──────── INPUT FOR THIS TASK ────────

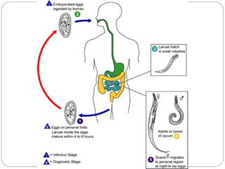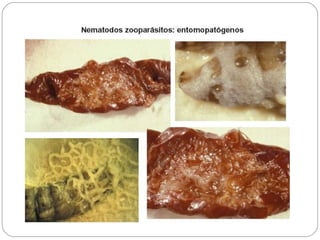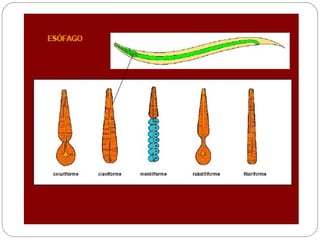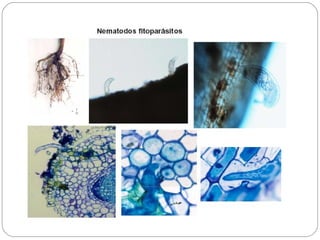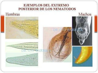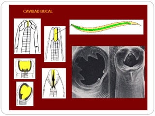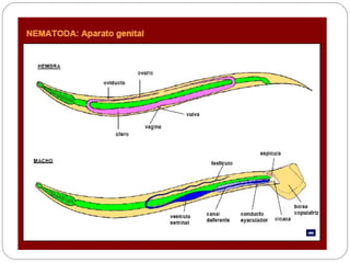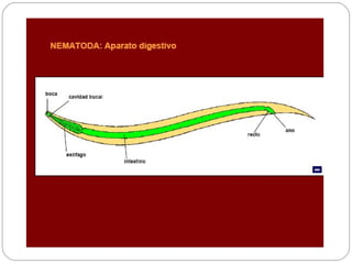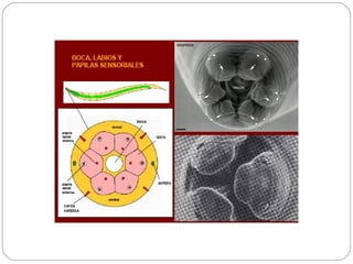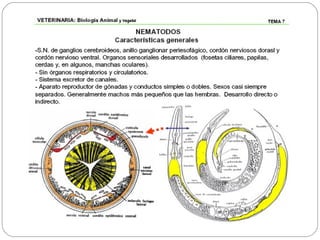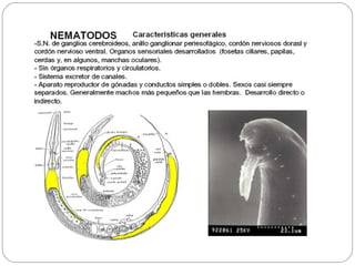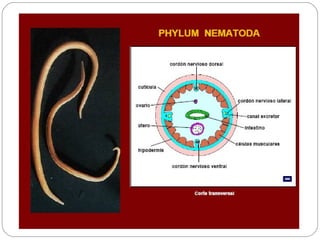 Los nematodos son un filo con más de 25.000 especies registradas, conocidos como "gusanos redondos" debido a su forma cilíndrica. Son organismos pseudocelomados con aparato digestivo completo, excreción a través de células reneta, y ciclo de vida que incluye etapas libres y parasitarias, pudiendo transmitirse por insectos u otros vectores.
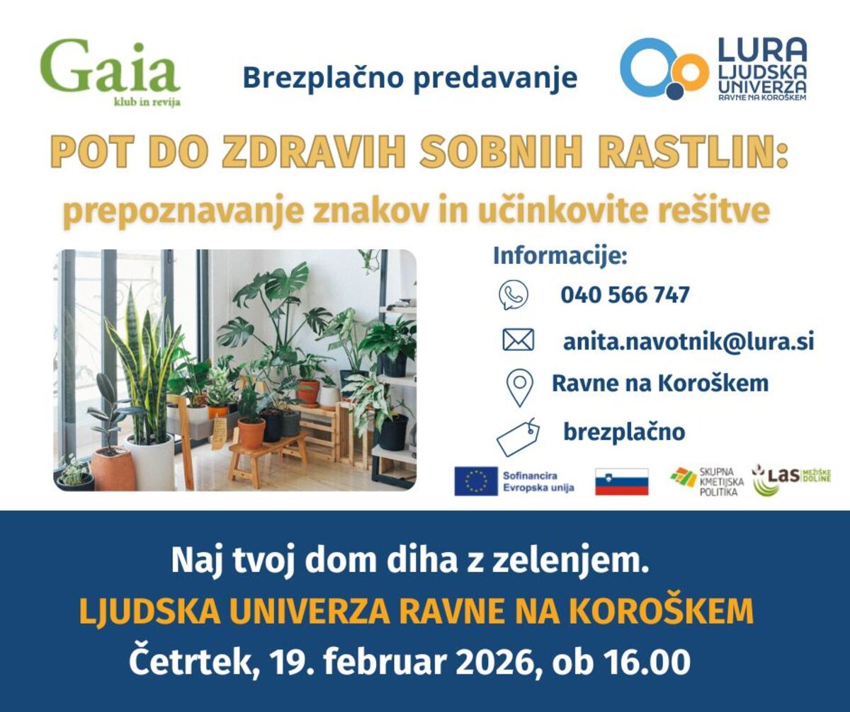 Predavanje bo potekalo na Ravnah na Koroškem, v četrtek, 19. februarja 2026, od 16. do predvidoma 17.30 ure, točno lokacijo sporočimo naknadno.
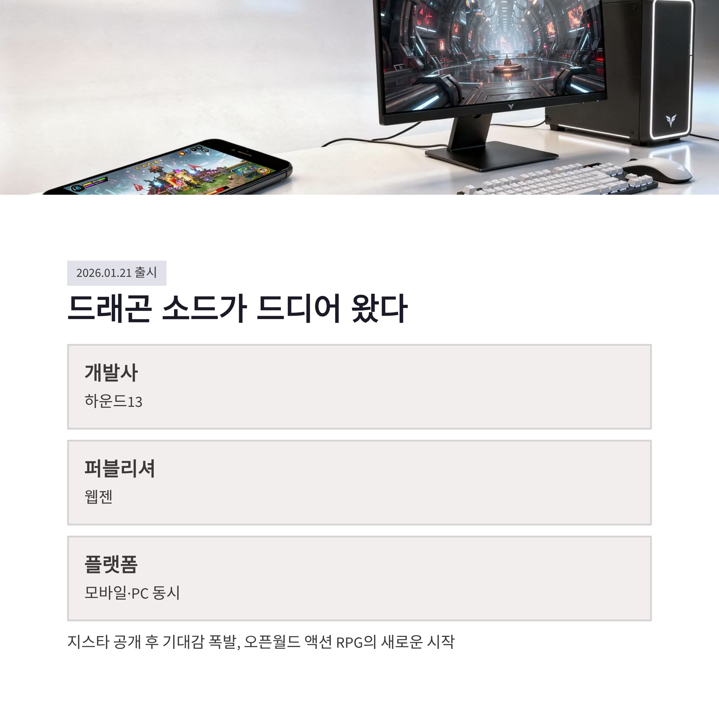 오늘 드래곤 소드가 드디어 정식 출시됐습니다. 2026년 1월 21일 기준, 모바일이랑 PC에서 동시에 즐길 수 있는 오픈월드 액션 RPG라서 출시 전부터 기대감이 꽤 컸는데요. 개발은 하운드13, 퍼블리싱은 웹젠이 맡았다고 해서 신뢰도도 한몫했구요. 저도 지스타에서 처음 공개됐을 때 영상 보고 “아 이건 손맛 쪽이네” 싶었습니다. 실제로 해보니 조작감이 가볍지 않고 묵직한 타격감이 있어서, 버튼 하나 눌렀을 뿐인데 손이 바쁘더라구요. 오픈월드인데 전투 밀도가 높다는 게 첫 느낌이었습니다. 맵 구경만 하다 끝나는 게임은 아니라는 점, 이게 꽤 크게 다가왔어요.
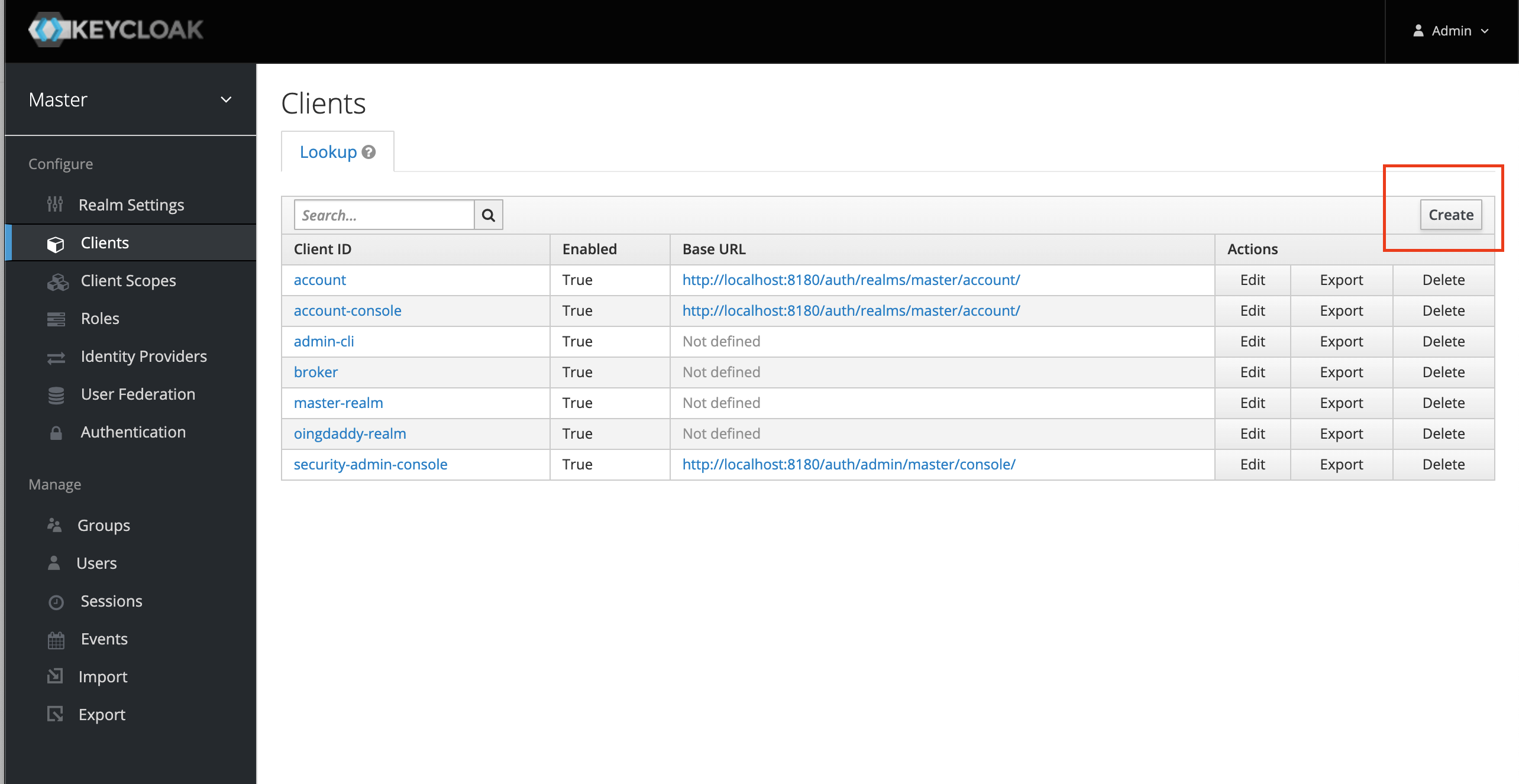 client 탭을 클릭하고 create를 통해 client를 만들어줍니다.
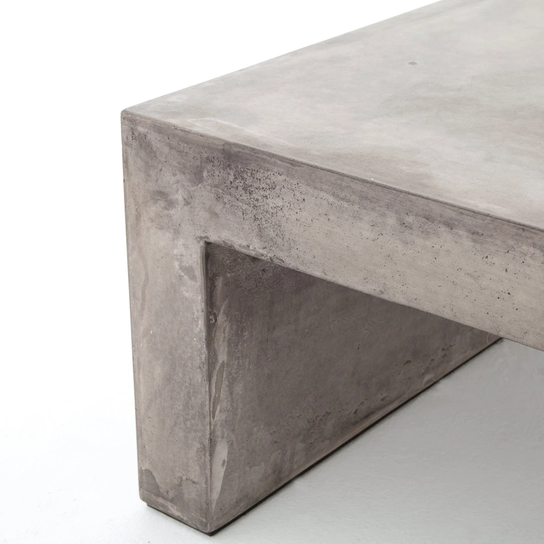 Industrial materials in smoothly refined shapes. Natural grey concrete forms a simple waterfall coffee table.
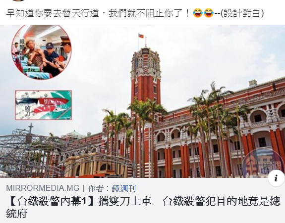 7月3日晚間爆發台鐵史上第一起火車殺人事件,25歲的鐵路警察李承翰被54鄭姓男子持刀刺死,據了解,鄭男當天最終的目的地其實是到總統府陳情。對此名嘴羅友志今日則是在臉書表示「早知道你要去替天行道,我們就不阻止你了。」不過這句話卻引發網友大力撻伐。
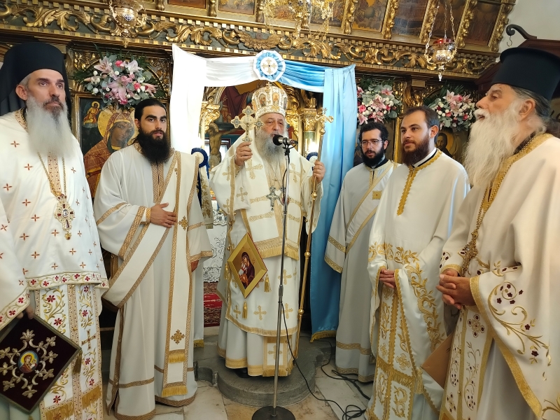 Το πρωί του Σαββάτου 23-8-2025, ο Σεβασμιώτατος Μητροπολίτης μας κ. Καλλίνικος, χοροστάτησε στον Όρθρο, ευλόγησε τους προσφερθέντες άρτους και προεξήρχε της Θείας Λειτουργίας, πλαισιούμενος από τον Αρχιμ. π. Πρόδρομο Αργυρόπουλο, Κληρικό της Ι.Μ. Νέας Ιωνίας (ο οποίος και κήρυξε τον θείο λόγο), τον Αρχιερατικό Επίτροπο Βίβλου και οικείο εφημέριο, Πρωτοπρ. π. Εμμανουήλ Σκουλάτο, τον Πρωτοπρ. π. Συμεών Τελόπουλο, τον Πρεσβ. π. Παναγιώτη Σιαχάμη, τον Αρχιδιάκονο π. Νεκτάριο Σκουλάτο και τον Διακ. π. Δαυίδ Καρυ
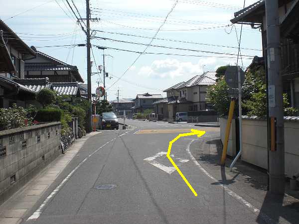 一旦停止の交差点を一つ越えて、次の直進する道路が細くなっている三叉路を
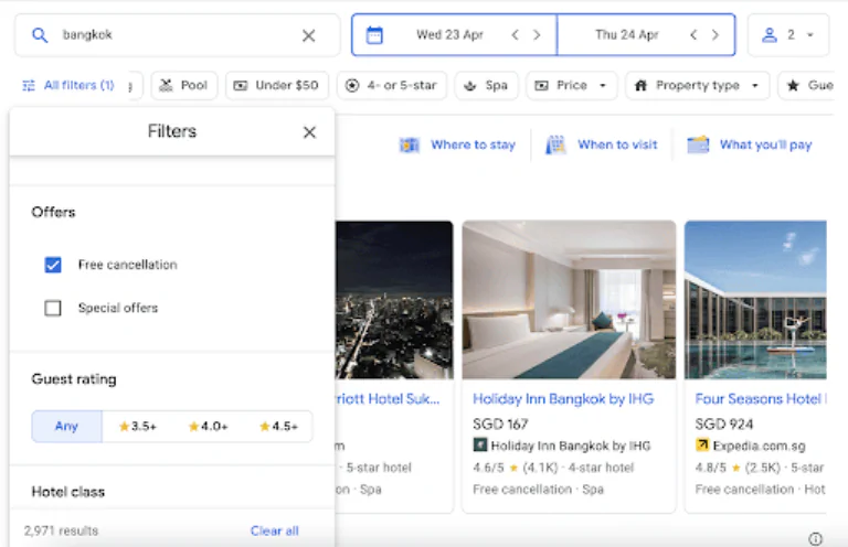 Whether you’re planning a long weekend in Bangkok or a birthday staycation at Sentosa, Google Hotels can help you compare rooms, check deals, and find places with that all-important infinity pool. It's part of the wider Google Travel suite, which includes tools for booking flights, finding attractions, and now — hunting down your perfect hotel room.
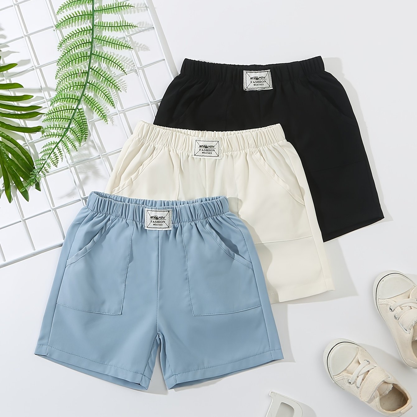 TEMU 3개 세트 어린이용 캐주얼 스포츠 반바지, 포켓 포함, 100% 폴리에스터 비신축성 단색 여름용 소년 및 소녀용, 일상 및 캐주얼 야외 활동, 여름 반바지, 야외 활동에 완벽
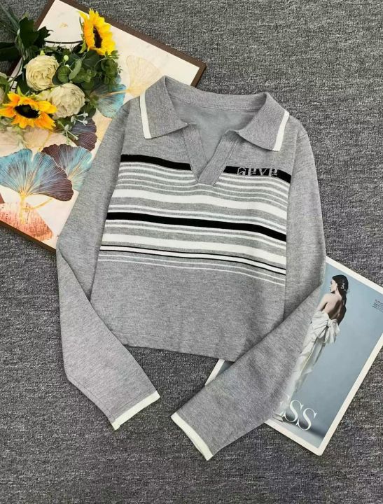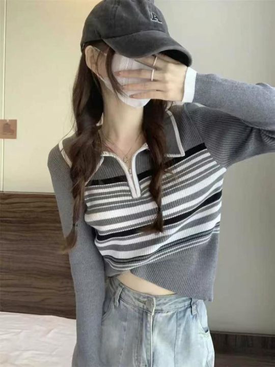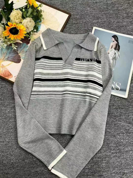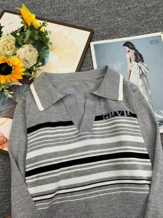 春秋新款复古polo翻领针织撞色条纹字母长袖套头毛衣,...
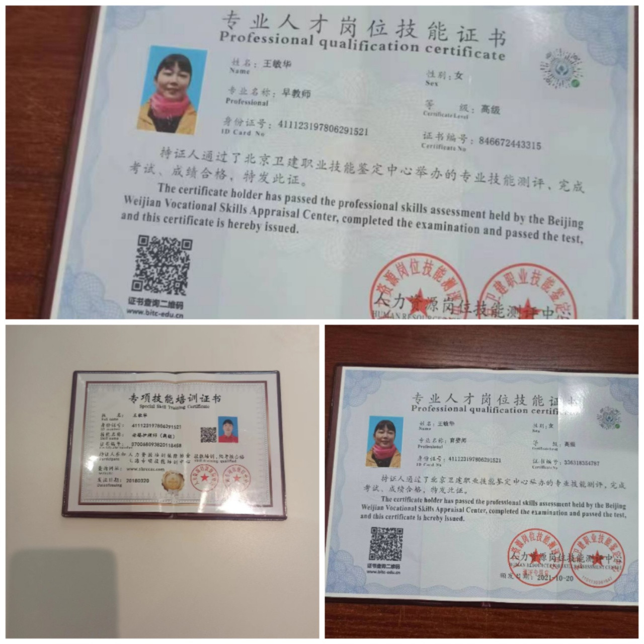证书:母婴护理师证,早教证,育婴师证。

────────

PROBLEM
What is needed is an exact copy of the lines above from the one with "一旦停止の交差点を一つ越えて、次の直進する道路が細くなっている三叉路を" to the one with "Whether you’re planning", both ends kept, and nothing more; please leave the pictures out.

RESULT FOR THIS EXERCISE
 一旦停止の交差点を一つ越えて、次の直進する道路が細くなっている三叉路を
 Whether you’re planning a long weekend in Bangkok or a birthday staycation at Sentosa, Google Hotels can help you compare rooms, check deals, and find places with that all-important infinity pool. It's part of the wider Google Travel suite, which includes tools for booking flights, finding attractions, and now — hunting down your perfect hotel room.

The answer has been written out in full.